Выбрать главу

И бегство в прямом смысле слова, и бегство от себя оказались неосуществимыми. Волны приносят лодку назад, к кубинскому берегу. Облегчение, которое неожиданно испытывают Габриэль и Луиса, — закономерный итог проделанного ими «внутреннего путешествия», обращения к своему сердцу, своей совести. Эти раздумья в пути стали для них поистине дорогой домой, приблизили миг избавления от ошибок и заблуждений прошлого. Ноэль Наварро оставляет своих «блудных детей» у порога, за которым — теперь уже несомненно — их ждет другая жизнь.

Брюмер, второй месяц французского республиканского календаря, приходится на самый конец осени — октябрь-ноябрь. Мигель Коссио выбирает это торжественно-грозное название для тех осенних дней 1962 года, которые вошли в учебники новейшей истории как «карибский кризис» («октябрьский кризис»), вызванный агрессивными действиями США против Кубы. Судьба завоеваний Кубинской революции, судьба страны, региона, да и всего человечества решалась в те дни. На Кубе была объявлена мобилизация, и всего за несколько часов привычная жизнь Давида, главного героя повести Коссио, неузнаваемо изменилась.

Чрезвычайное положение, повышенная боевая готовность, поездка по ночной дороге в военный лагерь, неумелое пока еще обращение с оружием, неловкость рук, привычных к мирному труду, — все это есть в повести «Брюмер». Но основная смысловая нагрузка приходится не на событийную сторону происходящего. «Брюмер», как и «Уровень вод» Ноэля Наварро, привлекает глубиной философского осмысления современной действительности.

Мигель Коссио создает повесть о взрослении, о становлении личности. Череда фактов, исторических событий, которыми насыщена книга, не просто вехи, знаменующие различные этапы «воспитания чувств» Давида, и, уж конечно, не просто «документальный фон». Они служат той силой, которая закаляет Давида, заставляет его проявить себя, формирует его личность. Этим определяется и своеобразное построение «Брюмера». Повествование здесь, как и в предыдущей книге, — неоднопланово, временные пласты чередуются между собой: опять перед нами что-то вроде «двойного путешествия». Настоящее — это «брюмер», ощущение грозной опасности, разговоры с собратьями по оружию, тревожные мысли и попытки дать оценку происходящему. Прошлое же складывается из вереницы эпизодов — знаменательных, поворотных и тех, что на первый взгляд кажутся пустяковыми.
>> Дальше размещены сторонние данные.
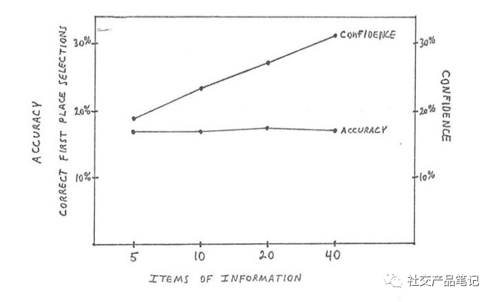随着更多的信息被添加进来,这项研究的关键部分出现了;每个赛马手被允许挑选越来越多的数据,当他们这样做的时候,他们对自己预测的信心增加了,而他们的实际结果却大致保持不变。
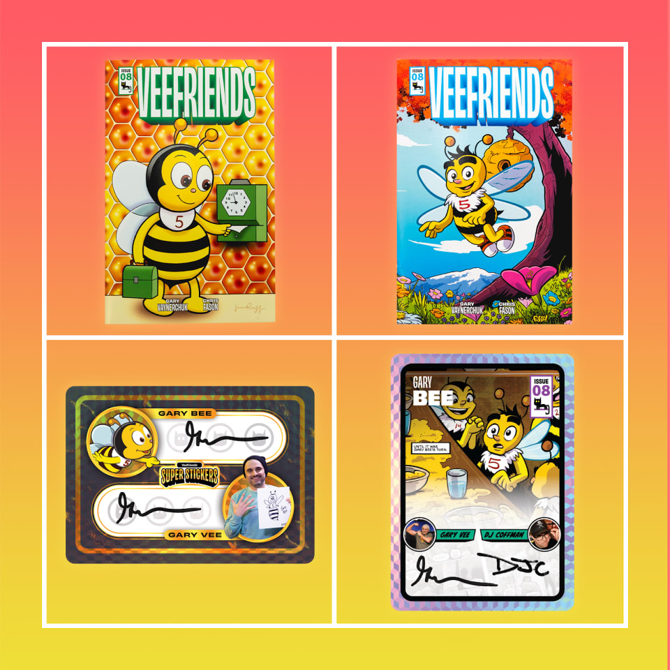 Inspired by VeeFriends creator Gary Vaynerchuk (aka GaryVee), Gary Bee takes centerstage in Comic Book #8, releasing on GaryVee's 50th birthday. Much like Vee, Bee is driven, kind, and always buzzing with energy to help others grow. Comic Book #8 follows Gary Bee on an ordinary day where he uses his empathy and kindness to do extraordinary things.
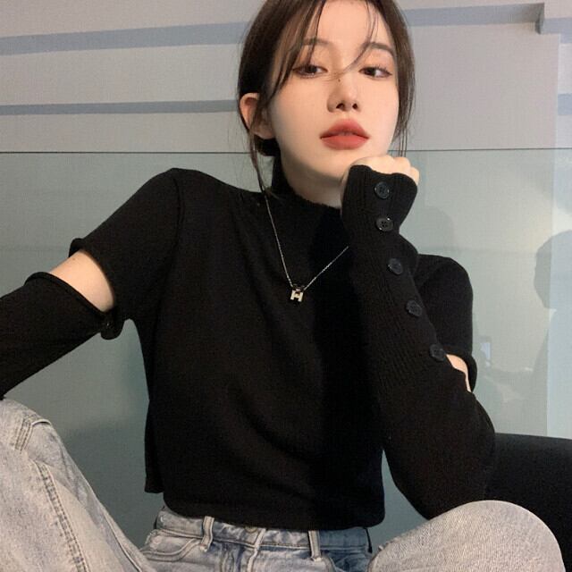 ニット セーター レディース 肌見せ おしゃれ ハイネック タートルネック アームウォーマー風 シンプル シック かわいい ブラック/ホワイト
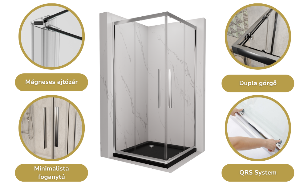 Az általunk legfontosabbnak vélt tulajdonságok szögletes zuhanykabinunknál:
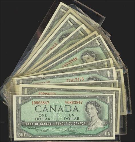 Lot of 12 notes, 1954 $1 BC-37c and 37d. All different prefix notes. Most notes are uncirculated
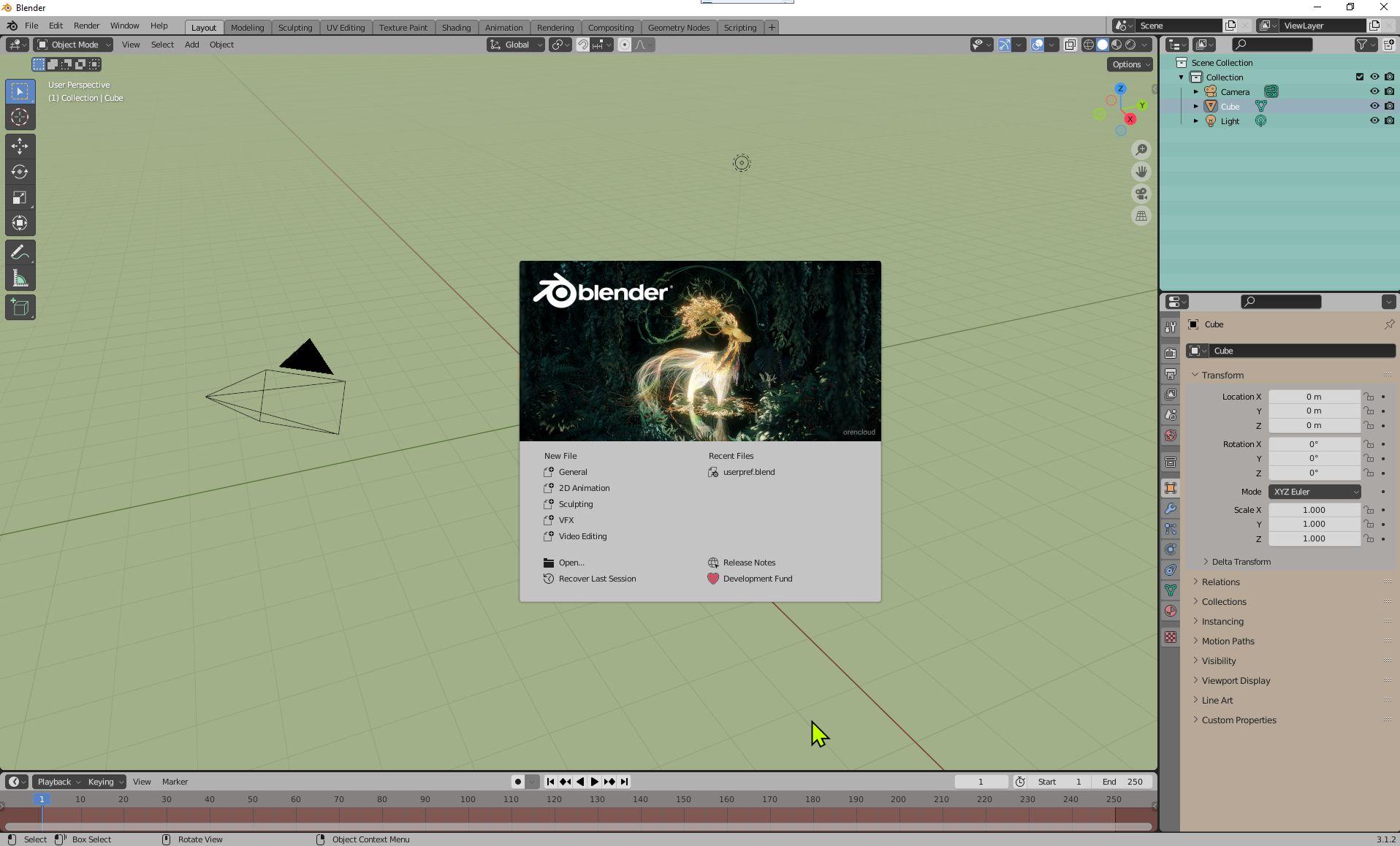There are four Editors displayed when Blender is first opened. The Editors are; the 3D Viewport Editor, the Outliner Editor, the Properties Editor and the Timeline Editor. In the center of the display you see the Splash Screen showing you which version of Blender you have opened and containing buttons for selecting a variety of functions.

Оба плана нерасторжимо связаны внутренней логикой: это цепь испытаний на прочность, на самостоятельность, на человечность наконец, и события месяца «брюмера» — самые важные из них.

В ряд выстраиваются факты и даты: произвол батистовских охранников, чувство унижения и беспомощности; радость освобождения той новогодней ночью 1959 года — казалось, все мрачное теперь уже позади; день, когда Давид записывается в народную милицию, чтобы «защищать дело бедняков и подлинную социальную справедливость, о которой у тебя было тогда весьма смутное представление». Затем последующий год — срок, за который это понятие социальной справедливости обретает все более четкие контуры. Затем день, потребовавший окончательного выбора: либо эмигрировать вместе с родителями в Соединенные Штаты, либо навсегда расстаться с семьей. День встречи Давида с Эленой и день, когда он узнал, что у них будет ребенок, — время, показавшее всю меру ответственности не только за совершенный выбор, но и за судьбу другого человека. Наконец, первый день «брюмера»…

В повести Коссио преобладает рассказ от второго лица. Это порой задушевное, порой чуть ироничное «ты» означает полное сведение счетов со своей совестью, со своим прошлым и настоящим, без уверток и умолчаний. Мы присутствуем при искреннем и бескомпромиссном подведении итогов всей — такой еще недолгой — жизни Давида перед лицом смертельной опасности.